**MATERIAL SUPPLIED:**
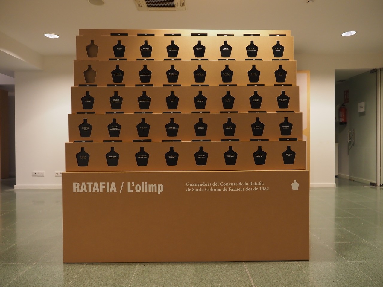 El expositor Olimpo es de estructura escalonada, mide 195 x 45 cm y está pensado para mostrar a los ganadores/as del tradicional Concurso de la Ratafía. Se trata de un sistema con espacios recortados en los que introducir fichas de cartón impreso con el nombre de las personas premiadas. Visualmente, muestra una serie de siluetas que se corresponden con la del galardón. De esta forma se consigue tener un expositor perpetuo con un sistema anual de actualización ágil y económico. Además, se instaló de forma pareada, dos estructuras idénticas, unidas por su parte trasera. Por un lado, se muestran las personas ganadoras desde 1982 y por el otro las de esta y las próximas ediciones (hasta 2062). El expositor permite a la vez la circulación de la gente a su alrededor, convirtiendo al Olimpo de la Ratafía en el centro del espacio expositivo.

* * *

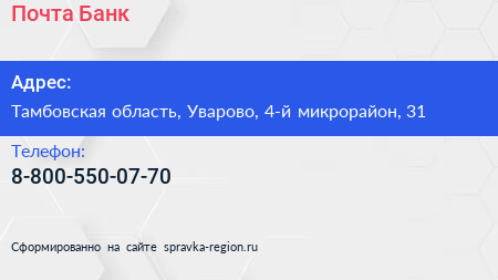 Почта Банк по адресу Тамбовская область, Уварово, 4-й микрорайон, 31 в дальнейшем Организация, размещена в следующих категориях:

==

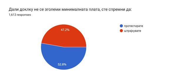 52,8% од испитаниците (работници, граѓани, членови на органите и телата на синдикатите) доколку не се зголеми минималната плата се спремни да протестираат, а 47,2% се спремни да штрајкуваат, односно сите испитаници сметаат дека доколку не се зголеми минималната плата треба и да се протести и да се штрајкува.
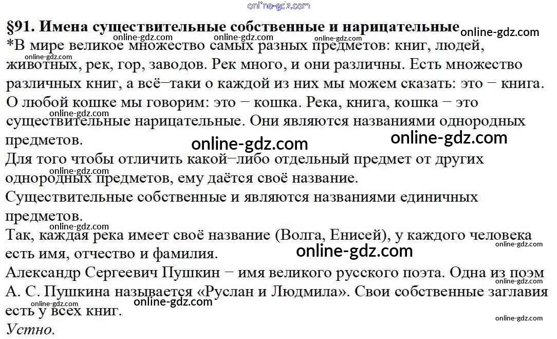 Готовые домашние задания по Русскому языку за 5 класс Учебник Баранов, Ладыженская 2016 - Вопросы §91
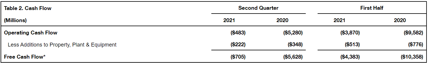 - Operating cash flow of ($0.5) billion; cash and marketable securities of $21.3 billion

**TASK TO CARRY OUT:**
From the records above, copy exactly the lines starting at the one with "52,8% од испитаниците" and ending at the one with "- Operating cash", and no others. Pictures stay out.

**SOLVED PROBLEM:**
 52,8% од испитаниците (работници, граѓани, членови на органите и телата на синдикатите) доколку не се зголеми минималната плата се спремни да протестираат, а 47,2% се спремни да штрајкуваат, односно сите испитаници сметаат дека доколку не се зголеми минималната плата треба и да се протести и да се штрајкува.
 Готовые домашние задания по Русскому языку за 5 класс Учебник Баранов, Ладыженская 2016 - Вопросы §91
 - Operating cash flow of ($0.5) billion; cash and marketable securities of $21.3 billion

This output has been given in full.